## EXERCISE
Using the data below, output a verbatim copy of the lines between the one holding "This look works" and the one holding "蛋; 牛奶制品; 食用油脂等商品上。", inclusive, without any pictures.

··· SOURCE MATERIAL ···

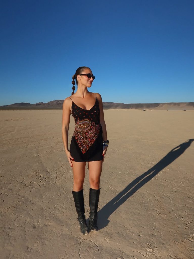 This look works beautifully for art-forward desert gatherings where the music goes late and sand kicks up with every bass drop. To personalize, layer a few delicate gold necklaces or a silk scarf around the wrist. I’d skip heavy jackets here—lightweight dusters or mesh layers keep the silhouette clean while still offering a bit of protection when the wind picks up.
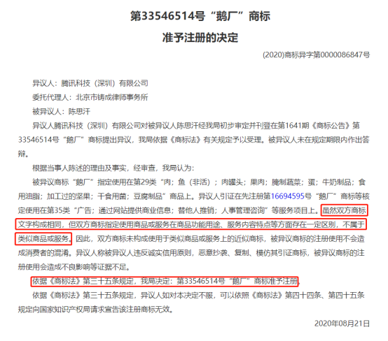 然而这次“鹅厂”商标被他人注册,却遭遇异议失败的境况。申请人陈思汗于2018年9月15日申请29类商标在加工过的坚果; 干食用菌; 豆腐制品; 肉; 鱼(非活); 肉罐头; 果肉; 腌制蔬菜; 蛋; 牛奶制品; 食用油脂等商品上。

···
··· SOURCE MATERIAL ···

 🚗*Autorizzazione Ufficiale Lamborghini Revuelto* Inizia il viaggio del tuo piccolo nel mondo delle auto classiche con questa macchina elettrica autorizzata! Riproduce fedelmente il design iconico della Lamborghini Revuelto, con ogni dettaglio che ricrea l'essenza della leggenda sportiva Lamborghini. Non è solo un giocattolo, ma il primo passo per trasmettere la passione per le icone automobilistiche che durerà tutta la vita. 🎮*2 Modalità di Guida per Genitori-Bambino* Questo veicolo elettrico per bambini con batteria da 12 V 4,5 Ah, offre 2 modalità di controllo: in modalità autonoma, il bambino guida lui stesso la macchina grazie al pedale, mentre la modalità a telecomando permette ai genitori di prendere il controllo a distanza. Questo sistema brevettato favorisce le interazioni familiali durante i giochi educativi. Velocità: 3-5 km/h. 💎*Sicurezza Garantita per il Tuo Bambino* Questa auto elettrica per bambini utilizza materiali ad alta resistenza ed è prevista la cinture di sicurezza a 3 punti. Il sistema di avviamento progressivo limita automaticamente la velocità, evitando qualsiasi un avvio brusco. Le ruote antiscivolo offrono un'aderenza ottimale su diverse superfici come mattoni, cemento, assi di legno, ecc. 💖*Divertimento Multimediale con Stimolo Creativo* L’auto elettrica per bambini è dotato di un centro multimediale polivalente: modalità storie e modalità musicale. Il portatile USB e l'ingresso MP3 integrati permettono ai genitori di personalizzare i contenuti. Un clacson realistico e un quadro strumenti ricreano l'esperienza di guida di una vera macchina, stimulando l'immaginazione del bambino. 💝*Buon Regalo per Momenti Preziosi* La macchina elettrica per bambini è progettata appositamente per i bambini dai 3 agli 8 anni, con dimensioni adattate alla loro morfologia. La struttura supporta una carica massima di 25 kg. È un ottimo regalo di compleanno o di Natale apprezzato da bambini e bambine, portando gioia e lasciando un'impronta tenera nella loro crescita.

···

## TASK RESULT
 This look works beautifully for art-forward desert gatherings where the music goes late and sand kicks up with every bass drop. To personalize, layer a few delicate gold necklaces or a silk scarf around the wrist. I’d skip heavy jackets here—lightweight dusters or mesh layers keep the silhouette clean while still offering a bit of protection when the wind picks up.
 然而这次“鹅厂”商标被他人注册,却遭遇异议失败的境况。申请人陈思汗于2018年9月15日申请29类商标在加工过的坚果; 干食用菌; 豆腐制品; 肉; 鱼(非活); 肉罐头; 果肉; 腌制蔬菜; 蛋; 牛奶制品; 食用油脂等商品上。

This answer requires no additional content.